TCMB’nin rezervlerindeki iyileşme, kura müdahale için döviz satışını kestiği yorumları yapılmasına neden oldu. Medyascope’a konuşan ekonomist İris Cibre, döviz satışlarının devam ettiğine ancak TCMB’nin “nette alıcı” pozisyonunda olduğuna dikkat çekti.
Türkiye Cumhuriyet Merkez Bankası (TCMB), 14 Mayıs ve 28 Mayıs seçimlerine kadar kurları baskılamak için kamu bankaları aracılığıyla döviz satıyordu. Seçimlerden sonra müdahale gevşedi ancak sona ermedi. Ekonomist İris Cibre, TCMB’nin faiz kararını, net döviz pozisyonunu ve rezervlerini Medyascope’a anlattı.
“Müdahaleyi durdurmadı, sadece rezerve giren çıkandan daha yüksek”
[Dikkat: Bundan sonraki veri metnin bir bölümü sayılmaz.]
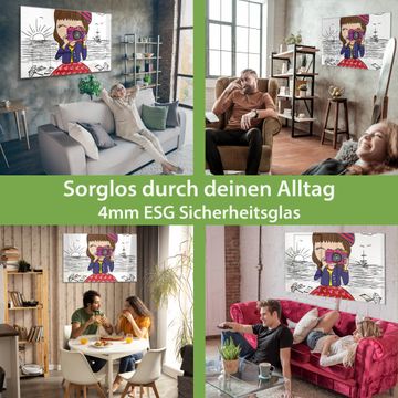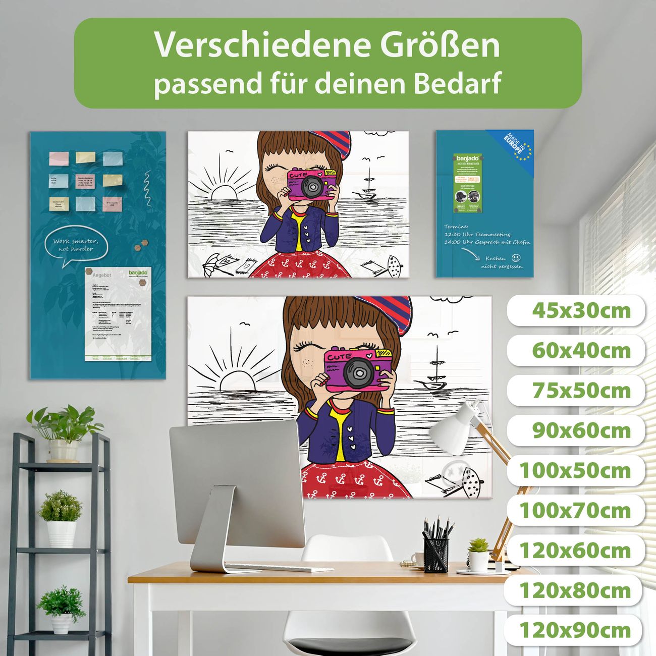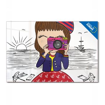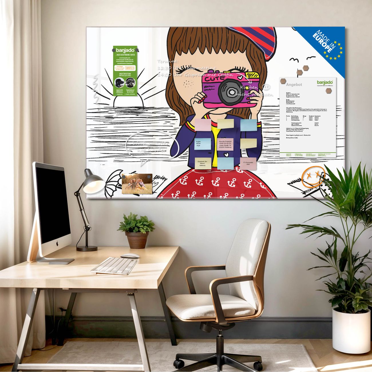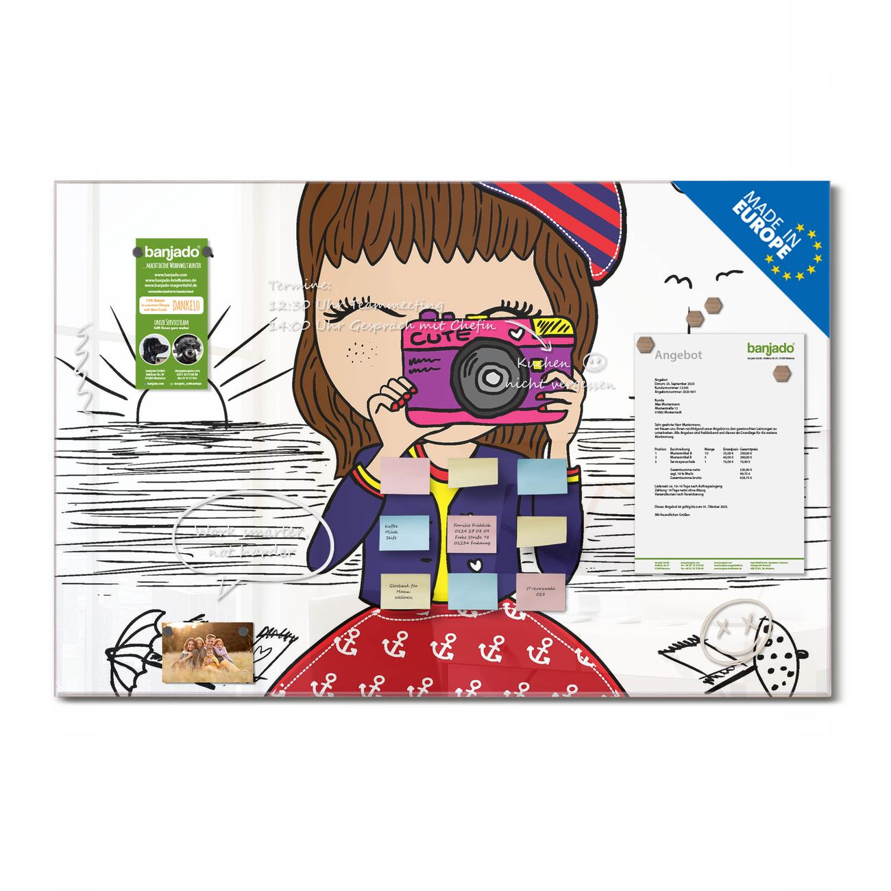 Material: 4mm Sicherheitsglas mit Metallrückwand Eigenschaften: beschreibbar, magnetisch, kratzfest Maße: 90x60x0,6cm, 8,10kg schwer Motiv Nummer 11127 Süße Kamera Zubehör: inklusive 4 Neodym-Magnete

Ağustos 2022’den itibaren, yaklaşık dokuz ay boyunca 18-19 TL arasında olan dolar kuru, seçimden iki gün sonra, 30 Mayıs’ta 20 TL’yi geçti. Dolar kurunun kısa sürede 23 TL’yi geçmesi, seçimlerin ardından TCMB’nin müdahaleyi gevşettiği ancak 20 gün boyunca 26 TL seviyesinde kalması yeniden müdahale edildiği şeklinde yorumlandı. Ekonomist İris Cibre, Medyascope’a yaptığı önceki değerlendirmede, “Bu müdahaleleri dönem dönem yapmak zorunda, elini çekmesi durumunda, kur çok daha farklı noktalara gelebilir” demişti. Cibre, güncel gelişmeleri şöyle yorumladı:
“Ben net döviz pozisyonuna bakıyorum. Net döviz pozisyonunda 2 Haziran’dan itibaren 17,3 milyar dolarlık bir iyileşme var. Bu, Merkez Bankası’nın nette rezerv topladığına işaret ediyor fakat piyasaya müdahaleyi durdurduğu anlamı taşımıyor. Sadece rezerve giren, çıkandan daha yüksek. Dolayısıyla nette rezerv toplayabiliyor. Normal şartlarda bu rezerv kaynakları kur korumalı mevduat, ihracatçılar ve reeskont dönüşleri. Fakat son dönemde reeskont dönüşlerinde bir azalma vardı. En son haziranda 113 milyon dolar reeskont dönüş var, bu çok düşük bir tutar.”
“Talep geldiğinde TCMB döviz satmak zorunda”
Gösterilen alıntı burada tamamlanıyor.